各々が荷造りを終え馬にのると、アシュベルが先頭を切って駆け出していく。
エレナの様子がややおかしいのを見止めると、アシュベルへとその冷たい視線を移す。
察しのいいアロもその事には気づいていた、だから彼はアシュベルに皮肉交じりの牽制を遠回りに言って見せる、とてもゆっくりと念を押すように。
「エレナ様と何かあったようですね、出発前に抜け駆けとはあなたらしい、ですがこれからはそうはいかないと思ってください、わたしもですが我々よりも若い者もいる、今後はご留意していただくことは可能でしょうかね」
「・・・アロ、お前ほんとまわりくどいな」
馬を走らせながら、話をしている彼らをカリーナは目をらんらんとさせて見入っている。
「この旅自体とても楽しみだと思ったけれど、これはまた特等席でエレナの取り合いが見られるなんて役得すぎるわぁ、で、エレナは誰と付き合てってみたいとか考えているの」
あからさますぎるカリーナにエレナは何と答えていいかわからない。
「カリーナ、わたしはグラディス国の使者よ・・・ね、あなたは、その付き合った事とかあるの」
「あたし?あたしには許嫁がいるもの、とてもいいひとよ、幼馴染同然だけど気が合うの、」
「・・・え」
衝撃の事実だった、カリーナには許嫁がおりそれを彼女自身も受け入れいずれ、その許嫁と結婚をするのだ。すでに彼女の未来は決まっている、彼女に寄り添い未来を歩いていく人が決まっている。
なぜかそれを聞くとカリーナがとても大人に見えた。
そんな重大な事をもう決めていたなんて。
そして少し不安になる、自分がおいて行かれているような気がして。
「大丈夫よ、エレナ、その時がきたらわかるの」
そんなエレナの心情を察してかカリーナが目くばせをする。
「あたしは親の許嫁だから結婚するんじゃないの、この人だって思える瞬間があったから結婚することにしたのよ、でもやりたいことがあって少し待ってもらっているけど」
「そう思える瞬間てどんな感じ・・・なの」
確かな感情がそこにあるのか、エレナはアシュベルを見ながら昨日の不思議な感情と恥ずかしさを思い出す。あんな事で頭がいっぱいになることはそうあることではない。
でも確かな感情、というには曖昧過ぎる。
しかもリュカに手を握られたときも、いつもとちがう雰囲気と彼の水色の瞳に意識を奪われた。
・・・でもこれでは、気が多すぎる。
剣術を学ぶ方がとても簡単に思える。
ララやカリーナのいう恋愛というものは、形がなくつかみ取れず努力すれば見える者でもない。
厄介な難問だ。
「エレナ!分かるの、それも自然に、この人が好きだって」
「そ、そう・・」
自然にわかるものなのか、ならば今はわたしがこうも悩んでいるという事ということは、カリーナの言うそれには焦点が会ってないのかもしれない、まだその手前でわたしは選ぶべき相手を選ばれる相手を模索する道の通過点にいるのだろうか。

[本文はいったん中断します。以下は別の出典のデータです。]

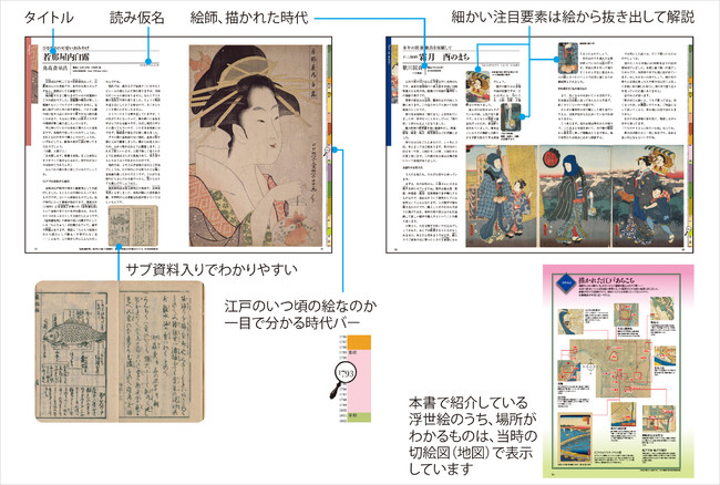 本書を読めば、浮世絵の「どこに注目したらいいか」がよく分かります。絵師や描かれた時代はもちろん、細かな注目要素は浮世絵から抜き出して解説。江戸の各時期の様相についても見えてきます。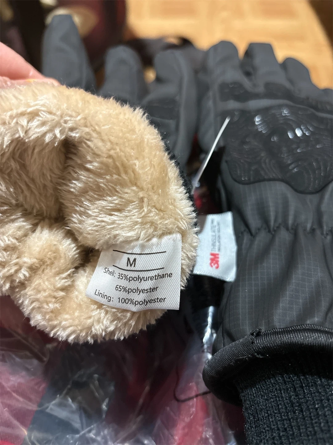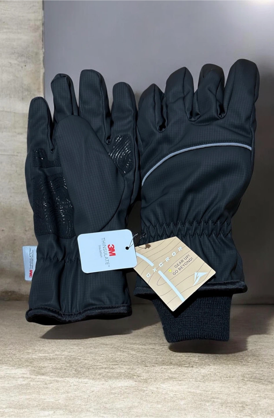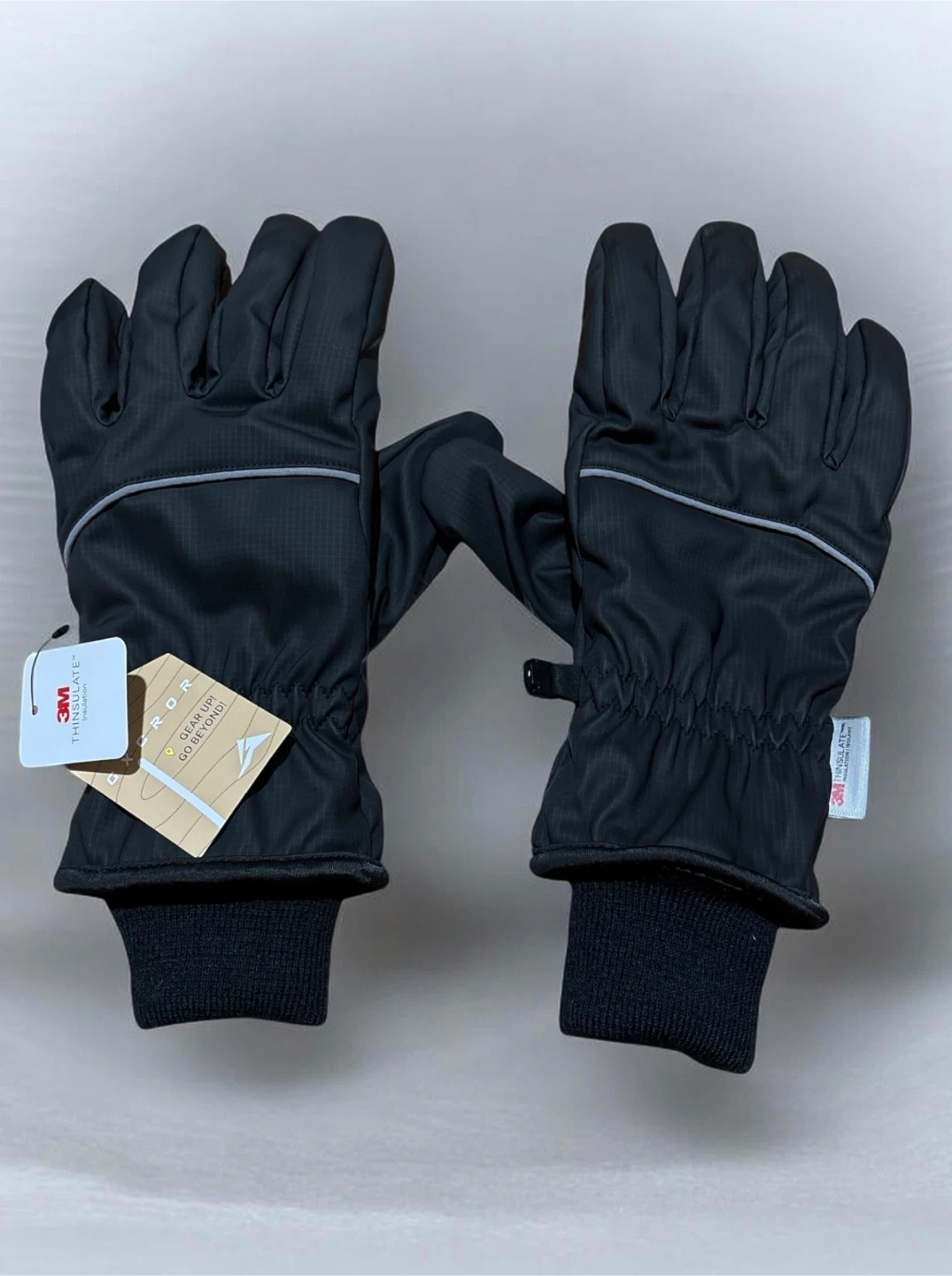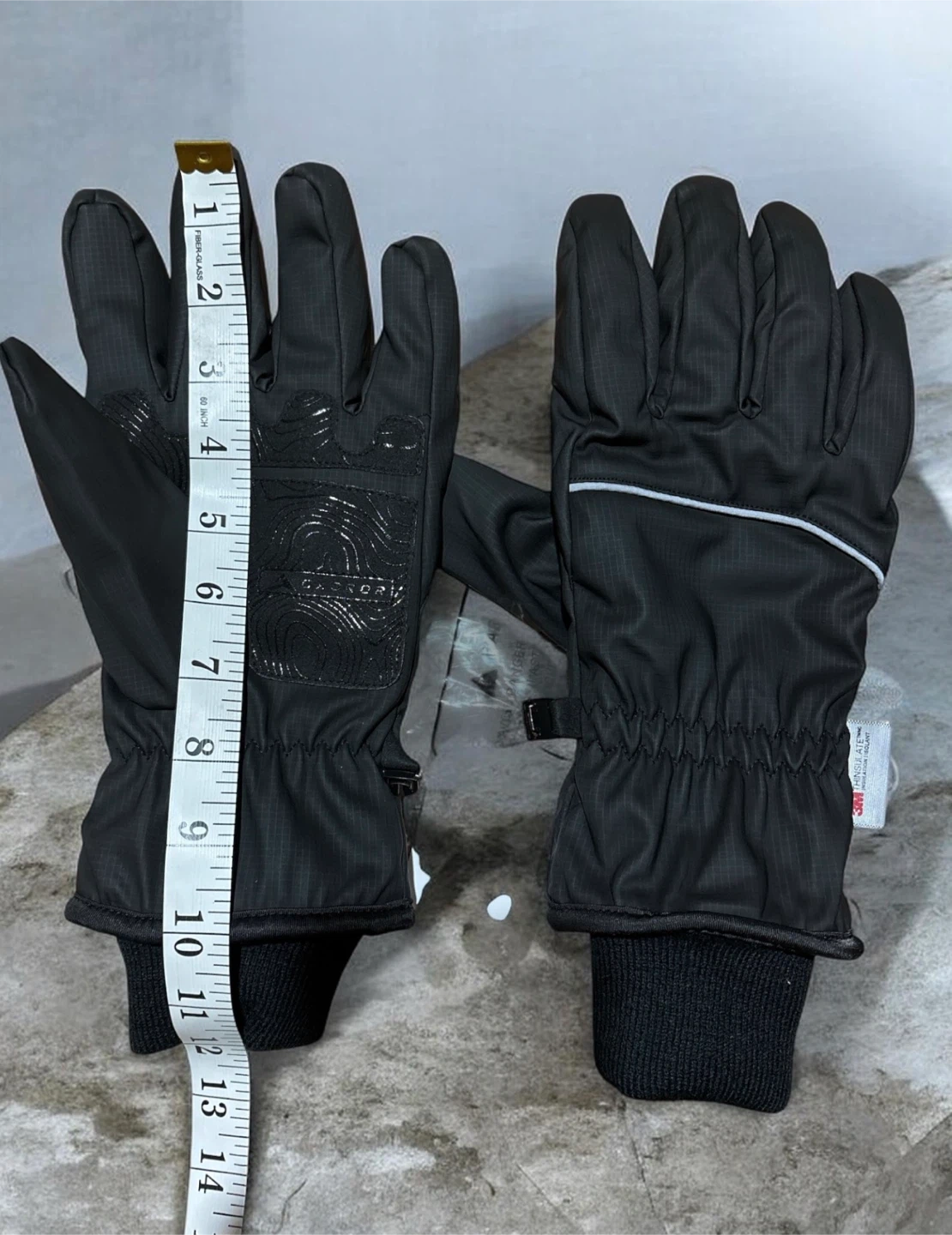 Keep your hands warm with these black winter gloves featuring 3M Thinsulate insulation. They're made with a shell of 35% polyurethane, 65% polyester, and a 100% polyester lining. A measuring tape shows they are approximately 7 inches from cuff to fingertip.

「恋愛や結婚は人それぞれなの、だからエレナはこれからじーっくり、そしてゆーっくりと考えればいいのよ、だって旅の目的は国同士の交流なんだから」
その方が楽しめるだろう、なにせこれから争奪戦が始まるのだから。
早まった決断をしてほしくないことも事実だが、エレナの周りで右往左往する男性陣を見るのはなかなかに感慨深い、グラディス国のみならず他国からの注目を集める貴公子たちがこぞってエレナを取り合うのだから・・・忘れていたが、エレナにはアルガノット国の王子であるカミュ殿下からも恋文を匂わせる手紙が届いていた。
あの手紙を読んだエレナはカリーナにその内容の真意を聞いてきたのだ。
カミュ殿下の手紙の内容はまさに愛を語るポエム、彼は相当ロマンチストなようだ。
だが、肝心のエレナ本人がそのことに気付いていない、カリーナはカミュに少々同情した。
そしておせっかいとは思いつつも、エレナにはもっとわかりやすくアプローチをかけた方がいいと内密に手紙でアドバイスしておいた。
隣の国とは言え、カミュには距離がある、これくらいの援助はしてあげないと・・・それから脱落者を少なくするため。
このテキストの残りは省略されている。